■ The data:

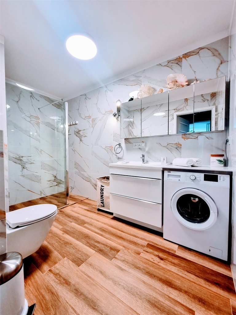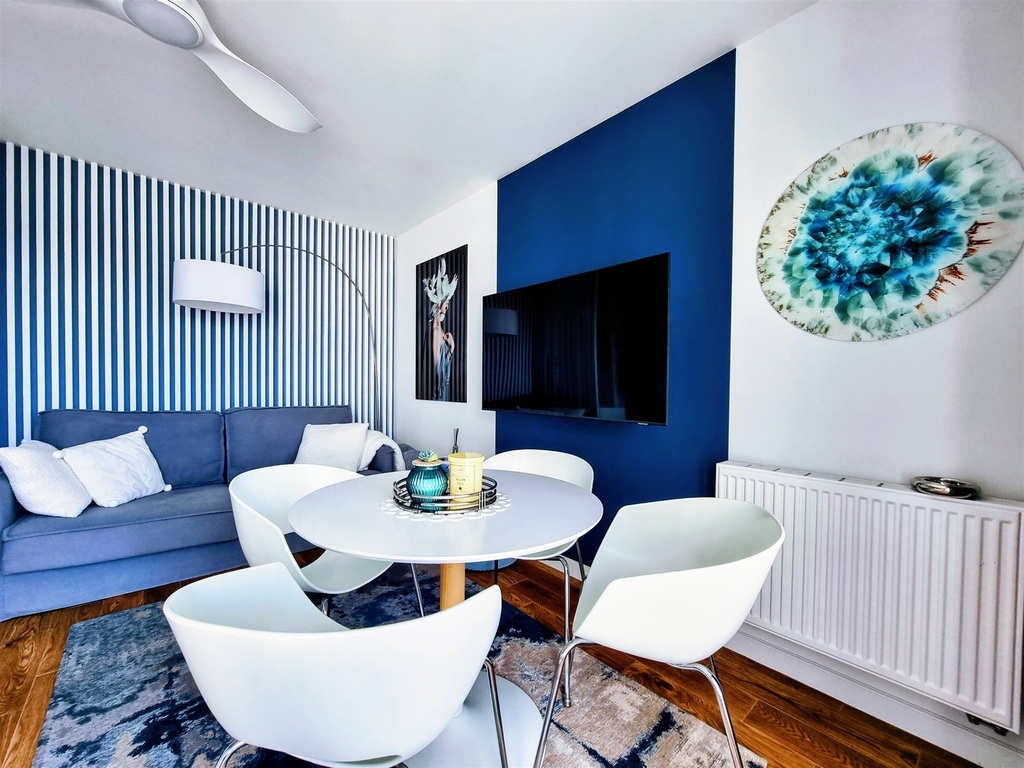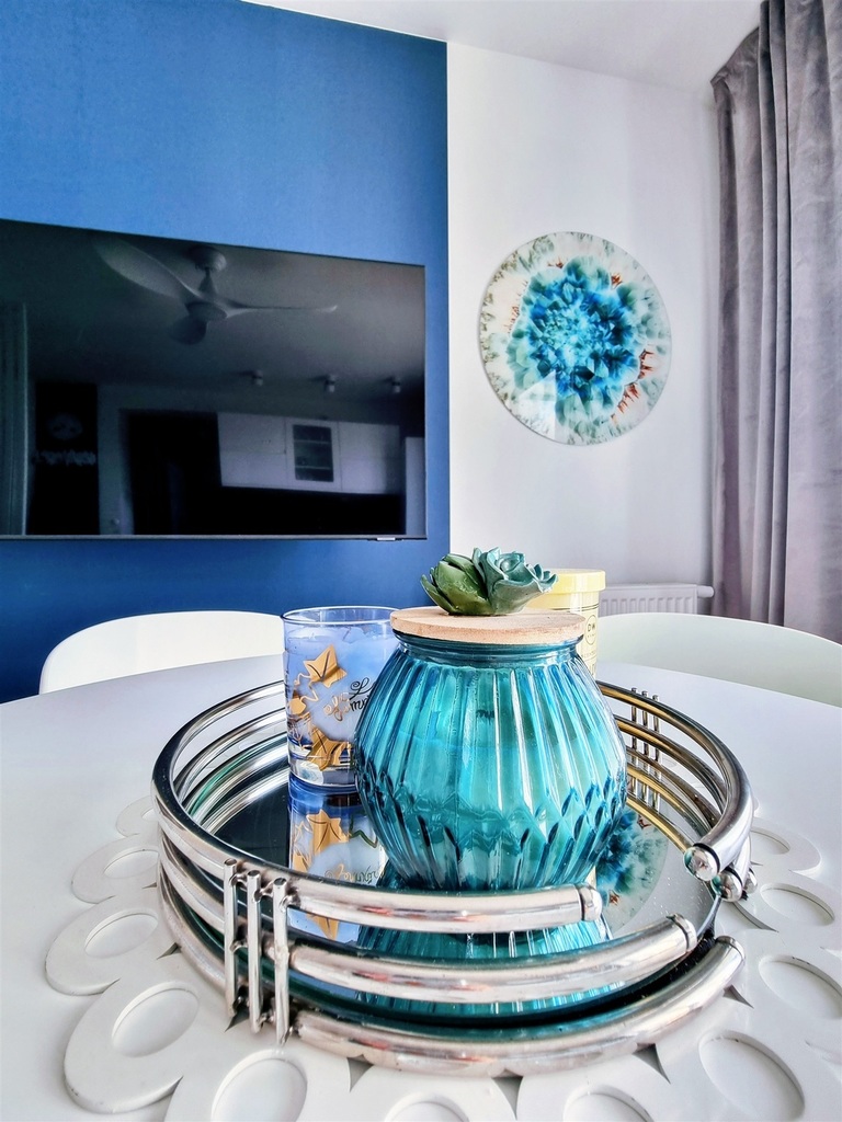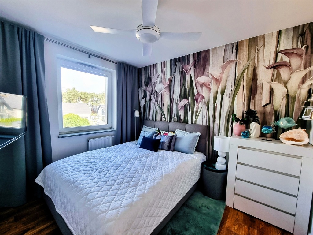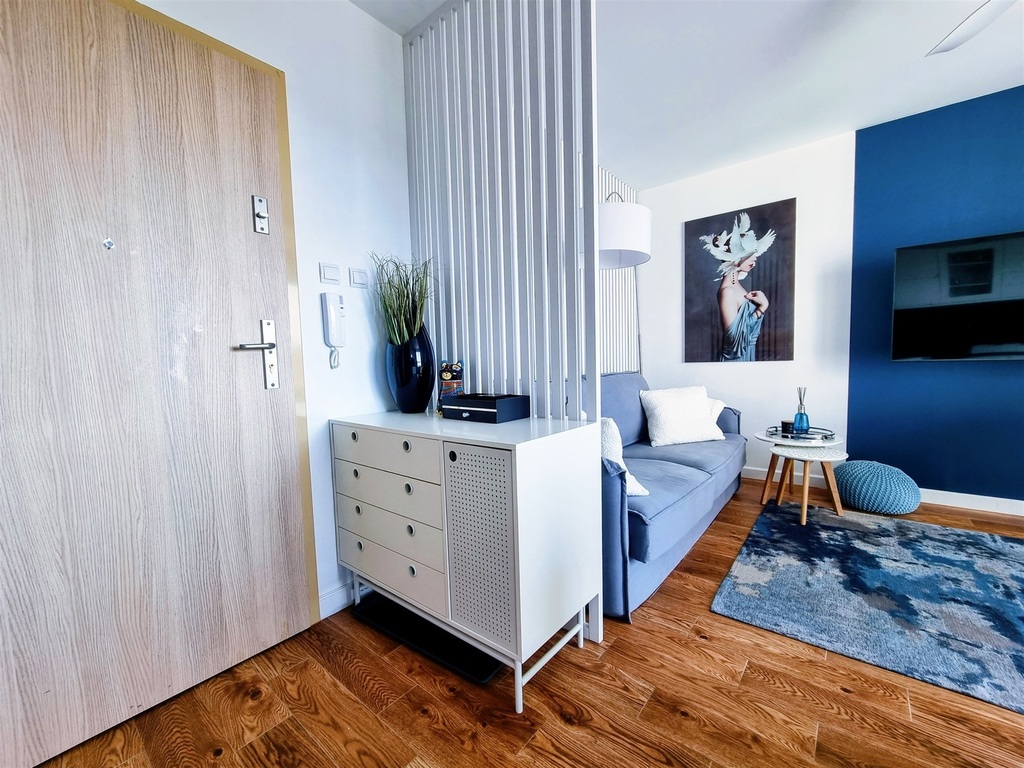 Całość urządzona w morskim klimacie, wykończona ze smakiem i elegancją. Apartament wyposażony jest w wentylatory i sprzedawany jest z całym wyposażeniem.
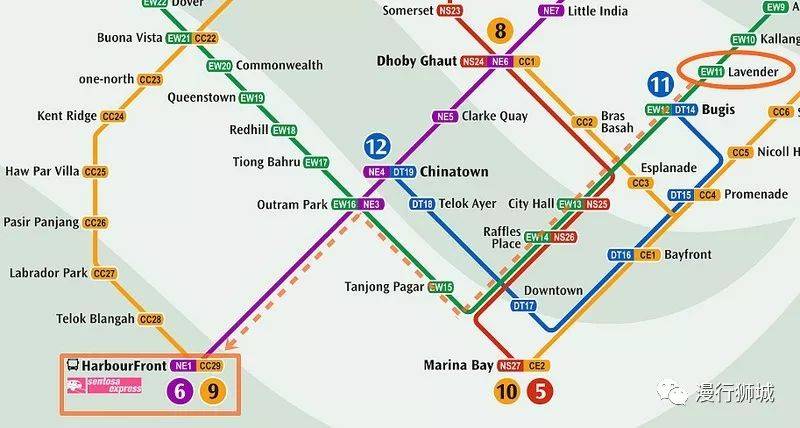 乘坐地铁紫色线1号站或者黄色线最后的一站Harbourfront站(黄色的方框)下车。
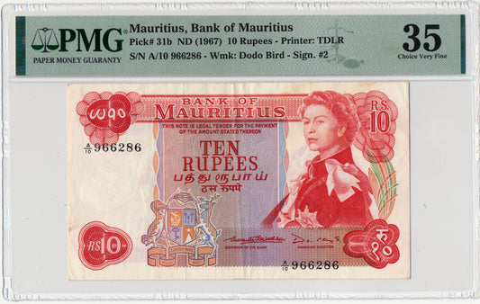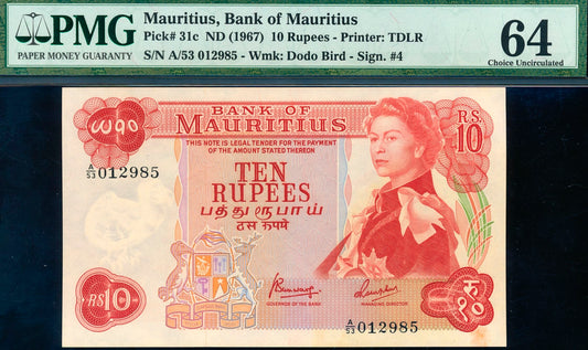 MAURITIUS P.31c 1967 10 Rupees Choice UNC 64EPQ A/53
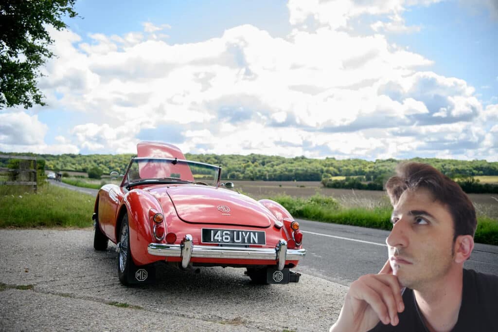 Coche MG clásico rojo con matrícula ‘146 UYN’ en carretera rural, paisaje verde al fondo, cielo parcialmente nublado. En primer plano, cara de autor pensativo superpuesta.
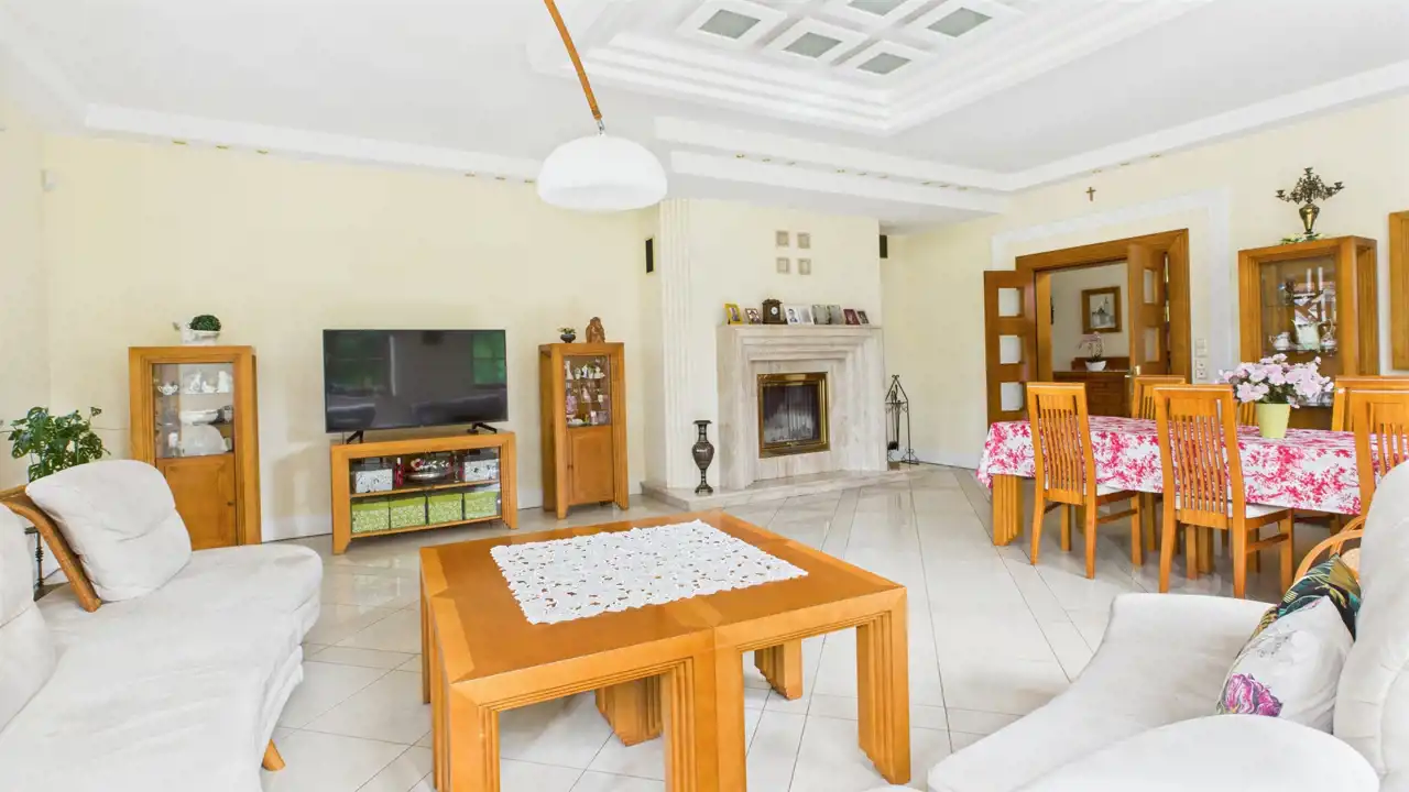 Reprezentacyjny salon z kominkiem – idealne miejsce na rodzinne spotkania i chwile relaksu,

■ What you will do: Reproduce the listing exactly. Do not include its images.

■ Result:
 Całość urządzona w morskim klimacie, wykończona ze smakiem i elegancją. Apartament wyposażony jest w wentylatory i sprzedawany jest z całym wyposażeniem.
 乘坐地铁紫色线1号站或者黄色线最后的一站Harbourfront站(黄色的方框)下车。
 MAURITIUS P.31c 1967 10 Rupees Choice UNC 64EPQ A/53
 Coche MG clásico rojo con matrícula ‘146 UYN’ en carretera rural, paisaje verde al fondo, cielo parcialmente nublado. En primer plano, cara de autor pensativo superpuesta.
 Reprezentacyjny salon z kominkiem – idealne miejsce na rodzinne spotkania i chwile relaksu,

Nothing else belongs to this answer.